By Richard Cowan and Susan Cornwell WASHINGTON (Reuters) -The U.S. Senate on Thursday struggled to finish work on a bipartisan, $1 trillion infrastructure bill, as leaders negotiated behind the scenes on the best way to complete remaining amendments and move to a vote on passage. “People want to finish, and move on to the budget, […]
U.S. Senate works to finish $1 trillion infrastructure bill
By Richard Cowan and Susan Cornwell
WASHINGTON (Reuters) -The U.S. Senate on Thursday struggled to finish work on a bipartisan, $1 trillion infrastructure bill, as leaders negotiated behind the scenes on the best way to complete remaining amendments and move to a vote on passage.
“People want to finish, and move on to the budget, and go home,” Republican Senator Cornyn told reporters.
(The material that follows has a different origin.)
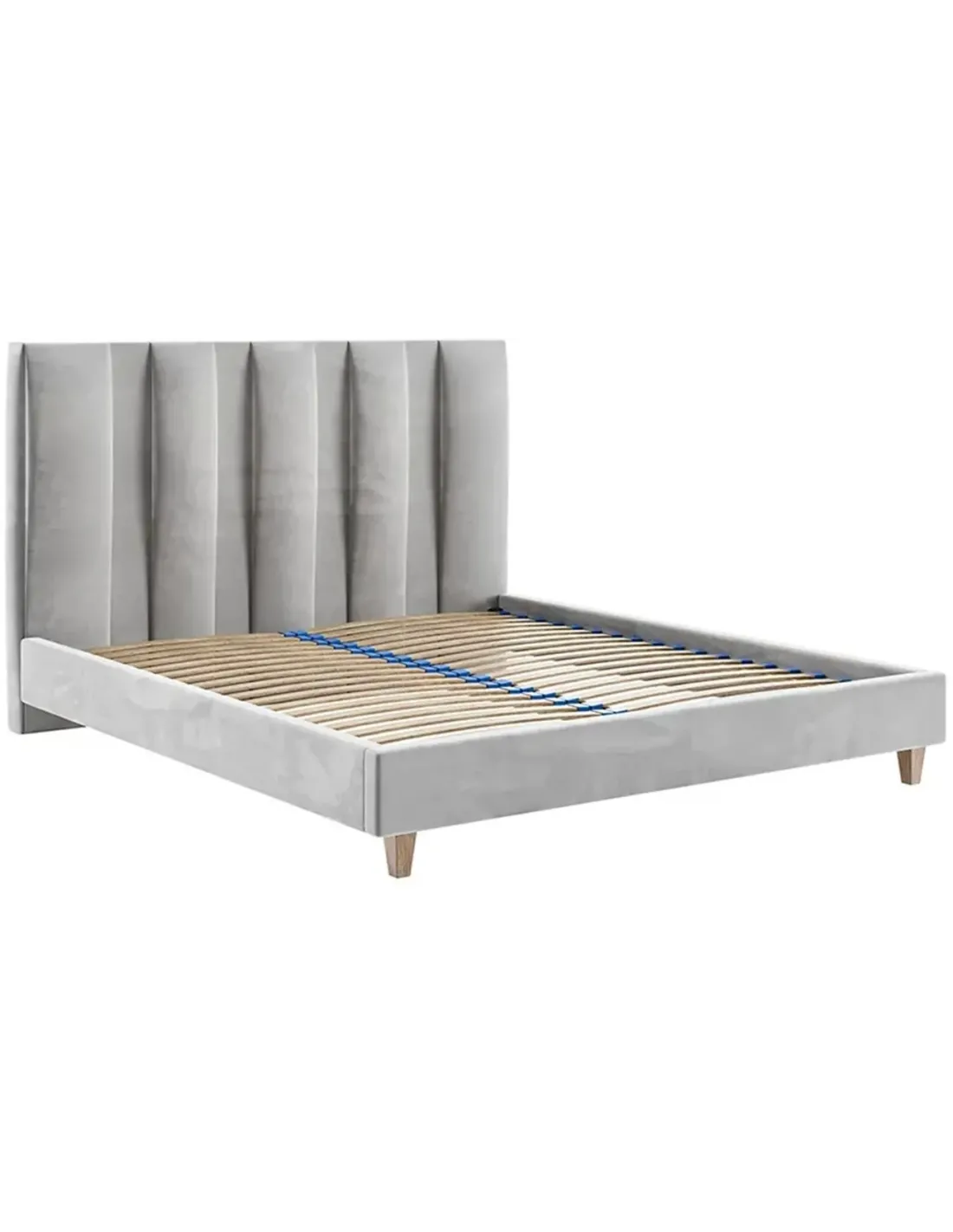 Łóżko tapicerowane do sypialni z dopasowanym zagłówkiem i elastycznym stelażem

The Senate was scheduled to begin a summer recess next week, which is likely to be delayed by at least a few days.
Cornyn said he thought the Senate would move to the votes on amendments, which could last late into the night, and “maybe be finished with the infrastructure bill tonight.”
But Senator John Thune, the Republican whip, said separately that he was not so sure there would be an agreement to finish the bill on Thursday. “I’d say it’s 50-50,” he said.
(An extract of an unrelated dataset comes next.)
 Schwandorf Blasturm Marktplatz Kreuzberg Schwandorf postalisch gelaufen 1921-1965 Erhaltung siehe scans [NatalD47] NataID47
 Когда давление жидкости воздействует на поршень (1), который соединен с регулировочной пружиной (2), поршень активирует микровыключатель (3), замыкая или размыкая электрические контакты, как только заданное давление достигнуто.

Senate Majority Leader Chuck Schumer, a Democrat, said only: “We’re trying to get as much done as we can.”
Once the infrastructure bill is voted upon, the Senate was expected to begin work on a budget framework that Democrats hope would pave the way for a $3.5 trillion “human infrastructure” bill later this year.
The measures must also pass the House of Representatives, where Democrats have a thin majority.
Some senior House Democrats, including Representative Peter DeFazio, chairman of the Transportation and Infrastructure Committee, have expressed concern that the $1 trillion bill lacks sufficient climate measures.
Progress on the $1 trillion infrastructure bill to finance construction of roads and bridges and expanding broadband internet service to under-served rural areas came despite the non-partisan Congressional Budget Office announcing that it would increase federal budget deficits by $256 billion over 10 years.
Lead negotiators on the bill argued the measure would be financed in a way so as not to incur deficit-spending.
The sweeping package https://www.reuters.com/world/us/whats-us-senates-bipartisan-1-trillion-infrastructure-bill-2021-08-03 of funding is one of Democratic President Joe Biden’s top legislative priorities.
Senator Thom Tillis, one of the Republicans who voted to advance it late last month, said he did not think the CBO findings would diminish his support for the legislation.
He added that the agency did not take into account some provisions of the bill that would lessen its impact on deficits.
Other Republican senators, including Mitt Romney and Kevin Cramer, also continued to defend the bill.
The CBO’s analysis said the bill will increase Washington’s revenue by $50 billion over the decade and increase discretionary spending by $415 billion.
It did not include $57 billion in added revenue that senators estimated Washington would collect over the long term from the economic growth benefits of the infrastructure projects.
It also did not count $53 billion in unused federal supplemental unemployment funds to be returned from states.
The bill’s top two negotiators, Republican Senator Rob Portman and Democratic Senator Kyrsten Sinema, said in a joint statement that CBO was “limited in what it can include in its formal score” of the bill. They added that new spending in the measure is “offset” through the combination of new revenue and savings, only some of which was taken into account by CBO.
In procedural votes in late July the bill garnered more than enough votes to indicate it could pass the Senate on a bipartisan basis, with more than a dozen Republicans joining the Senate’s 50 Democrats and independents.
The Senate is trying to wrap up work ahead of a scheduled five-week summer recess.